> _What the exercise asks_: Exclude the images and transcribe the entries below precisely.

> _Items listed in a dataset_:
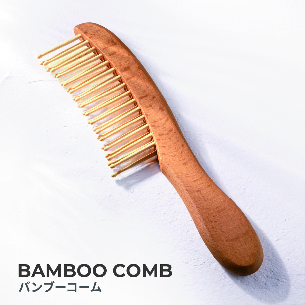 天然素材バンブーを使用して作ったパドルブラシ柔らかい絶妙なクッション性で頭皮にフィットし気持ちいい刺激を与えます。ピンの配置にもこだわり、櫛通りよくブラッシング時のダメージ軽減します。自然の油分が髪と地肌に働き質感を作り、まとまりのある綺麗な髪の毛を作ります。
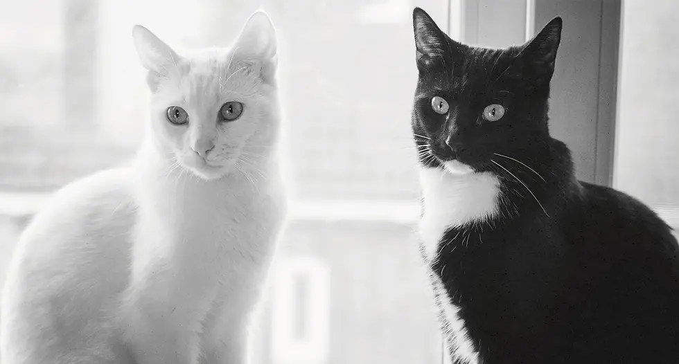 Black hair contains about 99 percent eumelanin, brown and blond hair 95 percent eumelanin, and red hair 67 percent eumelanin. White cats who have dark-colored eyes or dark spots on their paws and/or nose have less eumelanin and albino cats have none.
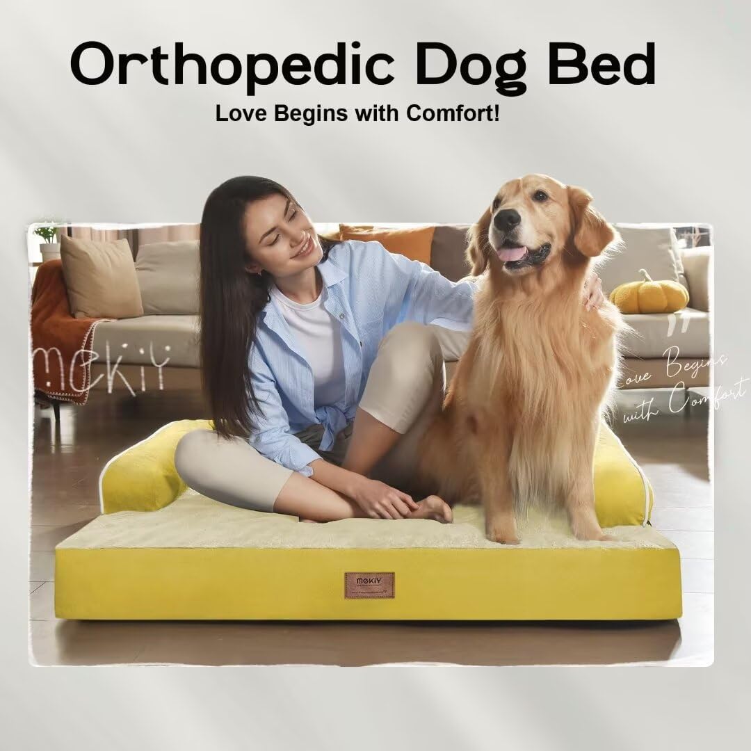 Large Dog Bed Orthopedic Washable - Couch Sofa - Xl Large Big Dogs - Beds Bolster Pet - Memory Foam - Waterproof With Removable Cover - Ginger Yellow Dog Bed
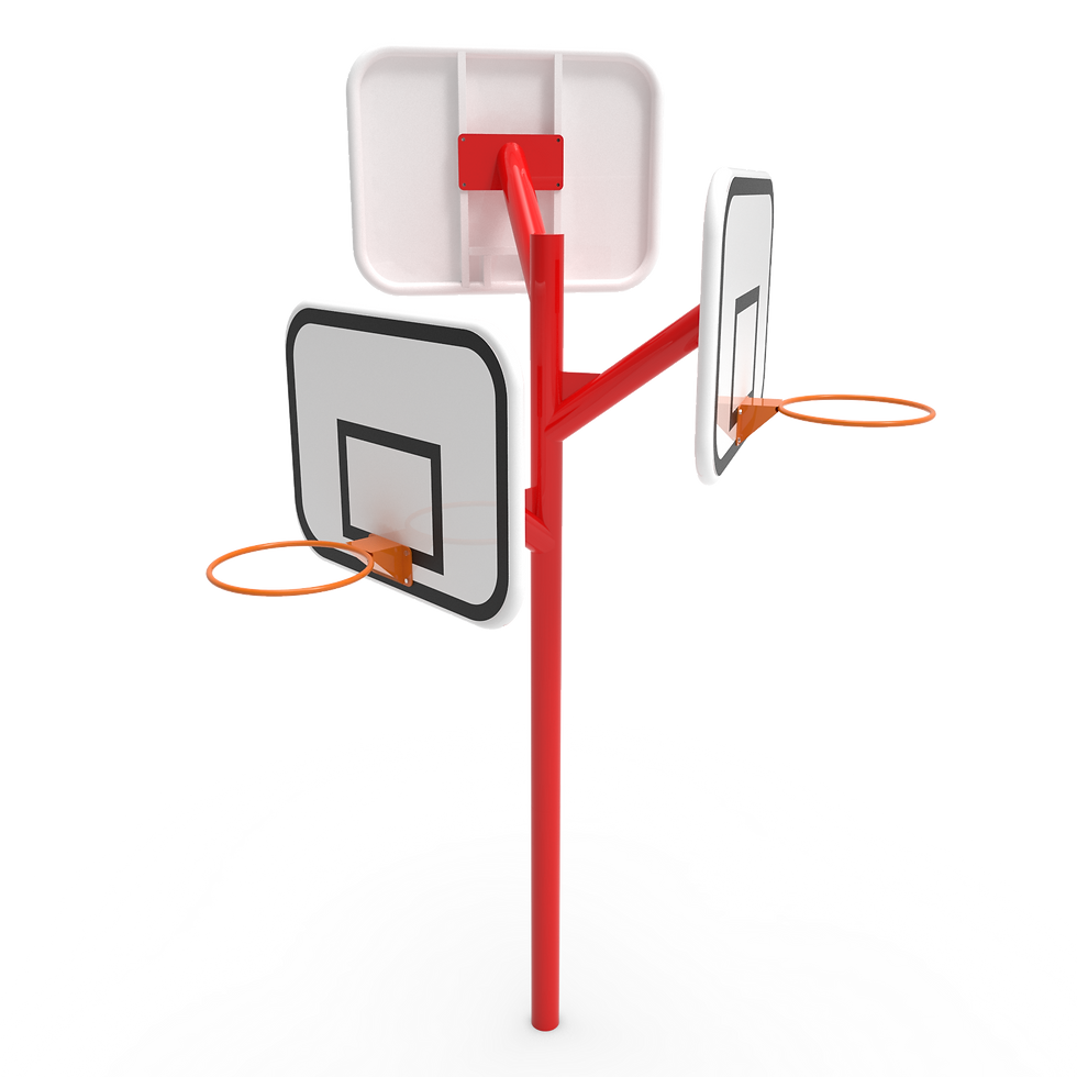 Este modular cuenta con una torre, un techo, dos toboganes simples, una escalera y dos tomas grandes plasticas. Pintura electrostática con protección UV sin plomo. Instalado con pollos de hormigon o flanges con pernos de anclaje.
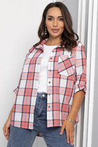 Рубашка прямого кроя выполнена из ткани цвета капучино с принтом белая вертикальная полоска. Характеристики: прямой свободный крой, отложной воротник, застежка центральная на петли пуговицы, по переду крупные накладные карманы с клапаном, рукав спущен, по низу рукава широкая манжета. Длина по спинке 70 см, длина рукава 82 от края горловины.
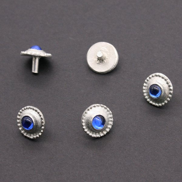Runder Gürtelzierbeschlag aus Zinn mit blauen Glasstein in der Mitte. Nach einem Original aus London, 14.-15. Jahrhundert. Es gibt einen Knopf im selben Design aus dem 13. Jahrhundert. Ein Beispiel für die Beständigkeit mancher beliebten Designs durch die Jahrhunderte hindurch. Zinn / Glas, Durchmesser ca. 1,5 cm. Mit 1 Nietstift auf der Rückseite. Eine Konterscheibe aus Messing wird mitgeliefert.
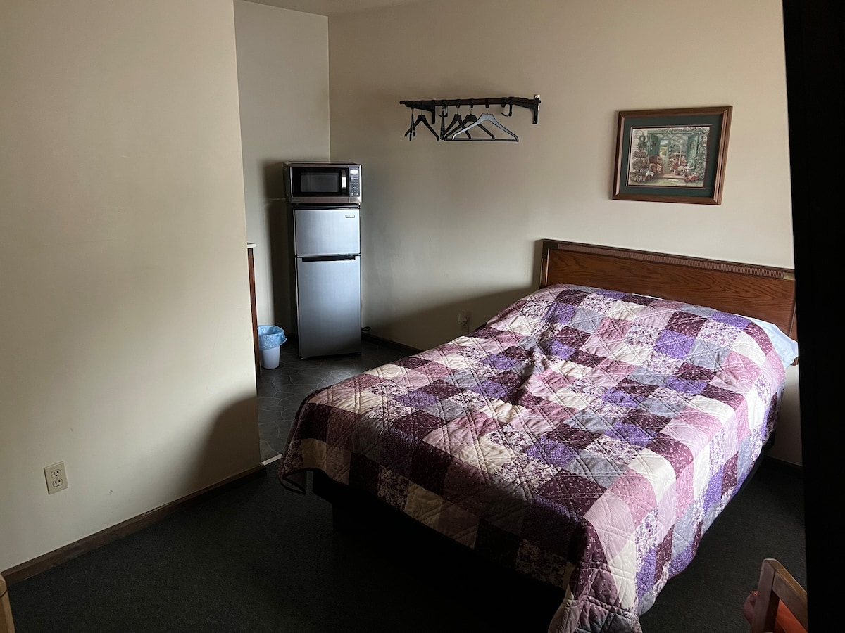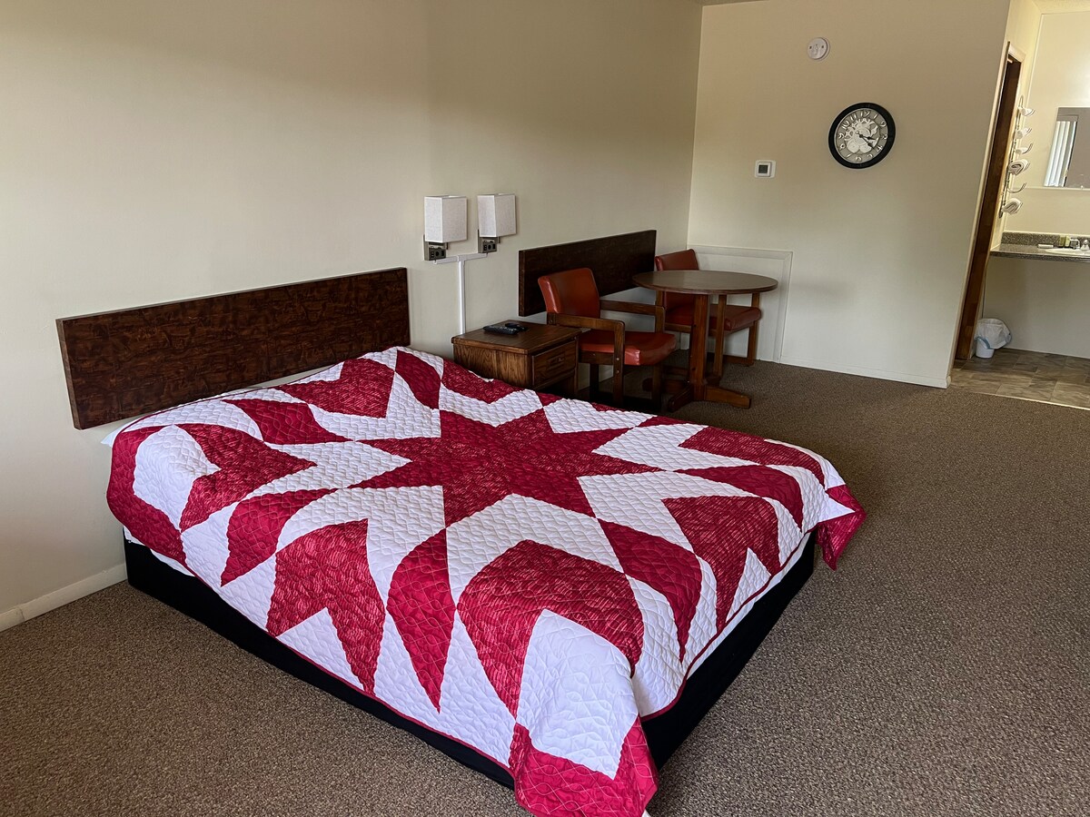 Stígðu inn í nýlega uppfærða herbergið þar sem nútímaþægindi mæta smekklegri hönnun. Þegar þú stígur inn tekur á móti þér rúmgott og notalegt andrúmsloft. Miðpunktur herbergisins er mjúkt rúm í king-stærð sem er skreytt með skörpum rúmfötum og lofar þér góðum nætursvefni. Öll herbergin eru með ókeypis þráðlaust net, sjónvarp, lítinn kæliskáp, örbylgjuofn, eins bolla kaffivél og vistir; allur búnaður, húsgögn og rúm eru glæný árið 2024.

> _Written response_:
 天然素材バンブーを使用して作ったパドルブラシ柔らかい絶妙なクッション性で頭皮にフィットし気持ちいい刺激を与えます。ピンの配置にもこだわり、櫛通りよくブラッシング時のダメージ軽減します。自然の油分が髪と地肌に働き質感を作り、まとまりのある綺麗な髪の毛を作ります。
 Black hair contains about 99 percent eumelanin, brown and blond hair 95 percent eumelanin, and red hair 67 percent eumelanin. White cats who have dark-colored eyes or dark spots on their paws and/or nose have less eumelanin and albino cats have none.
 Large Dog Bed Orthopedic Washable - Couch Sofa - Xl Large Big Dogs - Beds Bolster Pet - Memory Foam - Waterproof With Removable Cover - Ginger Yellow Dog Bed
 Este modular cuenta con una torre, un techo, dos toboganes simples, una escalera y dos tomas grandes plasticas. Pintura electrostática con protección UV sin plomo. Instalado con pollos de hormigon o flanges con pernos de anclaje.
 Рубашка прямого кроя выполнена из ткани цвета капучино с принтом белая вертикальная полоска. Характеристики: прямой свободный крой, отложной воротник, застежка центральная на петли пуговицы, по переду крупные накладные карманы с клапаном, рукав спущен, по низу рукава широкая манжета. Длина по спинке 70 см, длина рукава 82 от края горловины.
Runder Gürtelzierbeschlag aus Zinn mit blauen Glasstein in der Mitte. Nach einem Original aus London, 14.-15. Jahrhundert. Es gibt einen Knopf im selben Design aus dem 13. Jahrhundert. Ein Beispiel für die Beständigkeit mancher beliebten Designs durch die Jahrhunderte hindurch. Zinn / Glas, Durchmesser ca. 1,5 cm. Mit 1 Nietstift auf der Rückseite. Eine Konterscheibe aus Messing wird mitgeliefert.
 Stígðu inn í nýlega uppfærða herbergið þar sem nútímaþægindi mæta smekklegri hönnun. Þegar þú stígur inn tekur á móti þér rúmgott og notalegt andrúmsloft. Miðpunktur herbergisins er mjúkt rúm í king-stærð sem er skreytt með skörpum rúmfötum og lofar þér góðum nætursvefni. Öll herbergin eru með ókeypis þráðlaust net, sjónvarp, lítinn kæliskáp, örbylgjuofn, eins bolla kaffivél og vistir; allur búnaður, húsgögn og rúm eru glæný árið 2024.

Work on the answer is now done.